A study presented at the annual meeting of the Radiological Society of North America (RSNA 2014) has found that digital breast tomosynthesis, also known as three-dimensional (3D) mammography, has the potential to significantly increase the cancer detection rate in mammography screening of women with dense breasts.
Current Screening Limitations
Research has shown that dense breasts are more likely to develop cancer, a problem compounded by the fact that cancer in dense breasts can be difficult to detect on mammograms. Other imaging modalities like ultrasound and magnetic resonance imaging (MRI) are often used to help find cancers that can’t be seen on mammograms, but both modalities have higher rates of false-positive findings, according to study lead author Per Skaane, MD, PhD, from the Department of Radiology at Oslo University Hospital in Norway.
Dr. Skaane and colleagues have been studying tomosynthesis as a promising breast cancer screening option that addresses some of the limitations of mammography by providing 3D views of the breast.
The researchers compared cancer detection using full-field digital mammography vs full-field digital mammography plus digital breast tomosynthesis in 25,547 women between the ages of 50 and 69. Breast density was classified based on the American College of Radiology’s Breast Imaging-Reporting and Data System (BI-RADS). The BI-RADS breast density scale runs from 1 to 4, with 1 being the least dense and 4 being the most dense.

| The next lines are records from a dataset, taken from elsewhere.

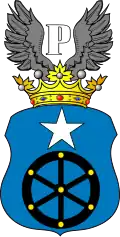 W polu błękitnym koło fortuny czarne, o sześciu szprych z żółtymi ozdobami na dzwonach i na piaście.Nad kołem gwiazda srebrna pięciokątna.U góry korona złota nad którą dwa skrzydła orle szare, pomiędzy którymi litera ruska P.
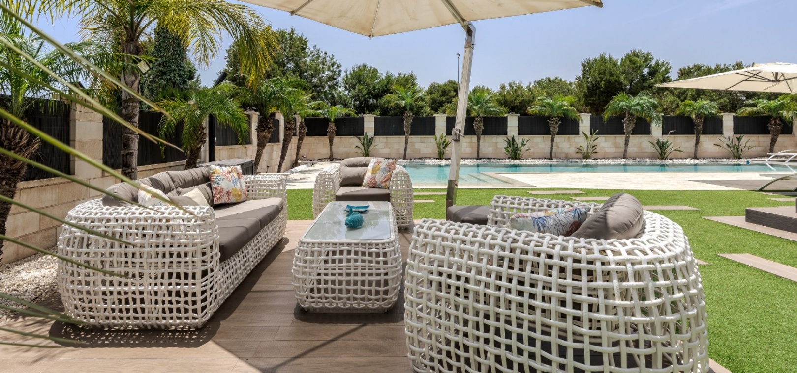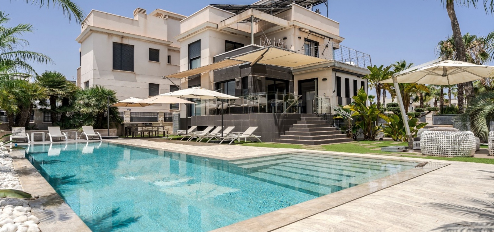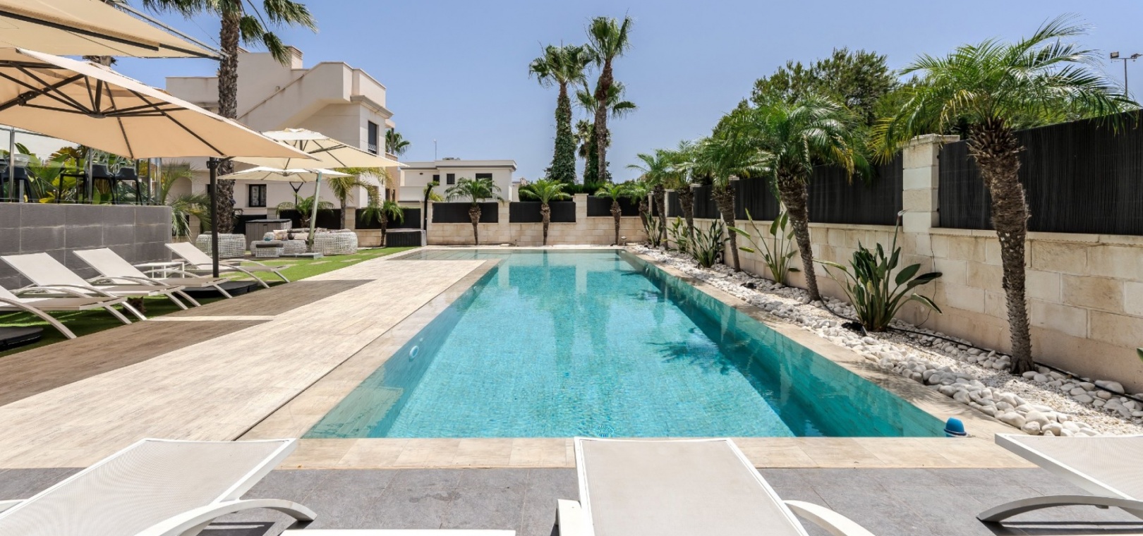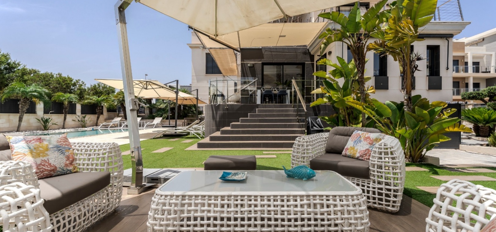 Experience elevated Mediterranean living in this exceptional, fully furnished villa in La Zenia. Blending privacy, comfort, and refined design, this home is an oasis just steps from top amenities, beaches, and golf courses.
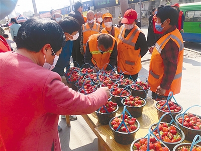 “新鲜的草莓,每位环卫工可以免费领一篮。”4月15日,在市区纬一路爱心粥屋门前,负责人高红热情地招呼着前来领取草莓的环卫工。
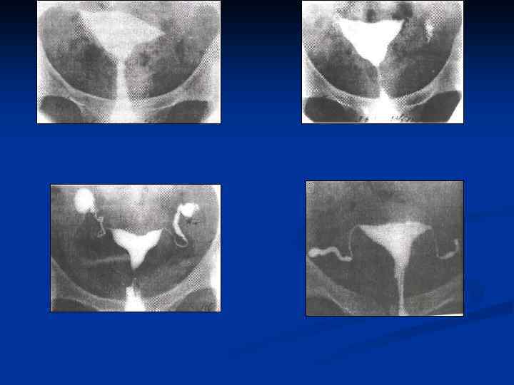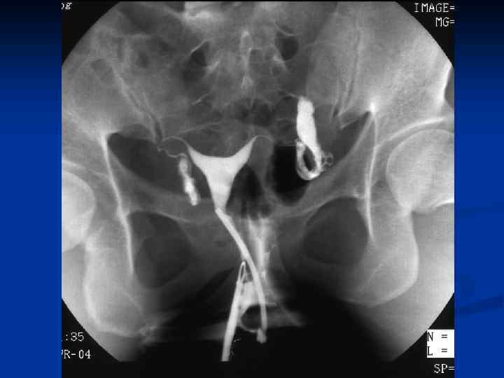 n n n Провести рентгеновское исследование грудной клетки, а если есть показания, то и других органов; Определить туберкулиновую чувствительность; Назначить и провести гистеросальпингографию с 60% раствором водорастворимого верографина, при этом возможно: n n n Определить состояние маточных труб (тонкие, ригидные, запаянные ампулярные отделы, деформация в виде четок, курительных трубок); Выявить форму полости матки, ее размеры, наличие или отсутствие сокращений; Диагностировать наличие / отсутствие рефлюкса контрастного вещества из труб.
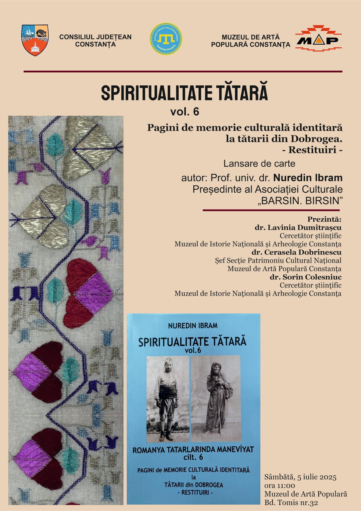 La Muzeul de Artă Populară din Constanța, se va lansa volumul cu numărul 6 din seria „Spiritualitate tătară”- Pagini de memorie culturală identitară la tătarii din Dobrogea. Restituiri”, semnat de prof. univ. dr. Nuredin Ibram.
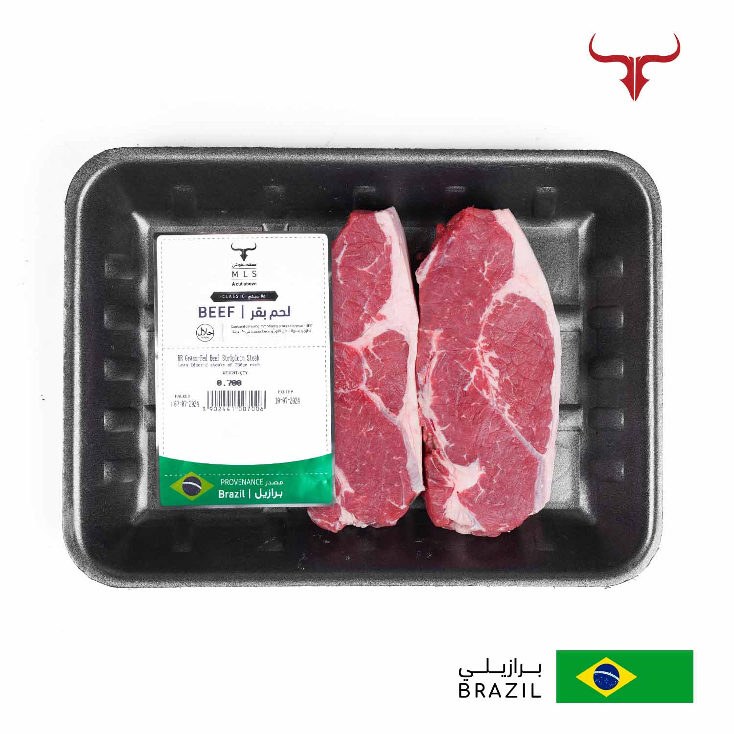 1 OR 2 steaks of fresh beef striploin from grass-fed Brazilian beef.

There were 257 malignancies detected on full-field digital mammography and a combination of digital mammography and tomosynthesis in the study group, including 105 in the density 2 group and 110 in density 3. Of the 257 cancers, 211, or 82%, were detected with digital mammography plus tomosynthesis, a significant improvement over the 163, or 63%, detected with digital mammography alone.
Full-field digital mammography plus tomosynthesis pinpointed 80% of the 132 cancer cases in women with dense breasts, compared to only 59% for digital mammography alone.

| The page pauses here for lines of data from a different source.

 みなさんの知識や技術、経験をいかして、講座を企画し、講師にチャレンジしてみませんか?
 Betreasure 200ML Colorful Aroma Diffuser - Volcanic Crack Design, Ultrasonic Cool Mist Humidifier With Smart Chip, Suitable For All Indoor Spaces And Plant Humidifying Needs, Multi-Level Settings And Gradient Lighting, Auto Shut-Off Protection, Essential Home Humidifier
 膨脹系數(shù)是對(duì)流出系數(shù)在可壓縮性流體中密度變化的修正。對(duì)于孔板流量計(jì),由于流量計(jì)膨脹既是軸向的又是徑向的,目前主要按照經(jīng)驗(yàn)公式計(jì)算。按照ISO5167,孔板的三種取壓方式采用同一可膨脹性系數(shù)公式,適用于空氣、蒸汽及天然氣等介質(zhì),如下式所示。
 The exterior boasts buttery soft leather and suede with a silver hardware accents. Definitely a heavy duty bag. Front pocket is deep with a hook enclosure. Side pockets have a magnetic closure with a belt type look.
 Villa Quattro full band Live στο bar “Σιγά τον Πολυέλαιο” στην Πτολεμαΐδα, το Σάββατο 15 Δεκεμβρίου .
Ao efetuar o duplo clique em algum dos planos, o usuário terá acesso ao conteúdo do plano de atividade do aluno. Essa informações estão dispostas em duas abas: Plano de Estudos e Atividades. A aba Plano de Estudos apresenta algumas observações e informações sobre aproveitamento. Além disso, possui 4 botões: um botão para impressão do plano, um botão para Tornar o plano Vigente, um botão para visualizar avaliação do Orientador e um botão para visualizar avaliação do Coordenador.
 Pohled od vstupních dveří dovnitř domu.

Increase in Cancer Detection
“Our findings are extremely promising, showing an overall relative increase in the cancer detection rate of about 30%,” Dr. Skaane said. “Stratifying the results on invasive cancers only, the relative increase in cancer detection was about 40%.”
Tomosynthesis not only improved the cancer detection rate in women with dense breasts, it also helped increase detection for women in the “fatty breast” BI-RADS categories.
“Our results show that implementation of tomosynthesis might indicate a new era in breast cancer screening,” Dr. Skaane said. ■
Disclosure: Dr. Skaane has received support from Hologic.
1. Skaane P, et al: 2014 Annual Meeting of the Radiological Society of North America. Scientific paper VSBR31-16. Presented December 2, 2014.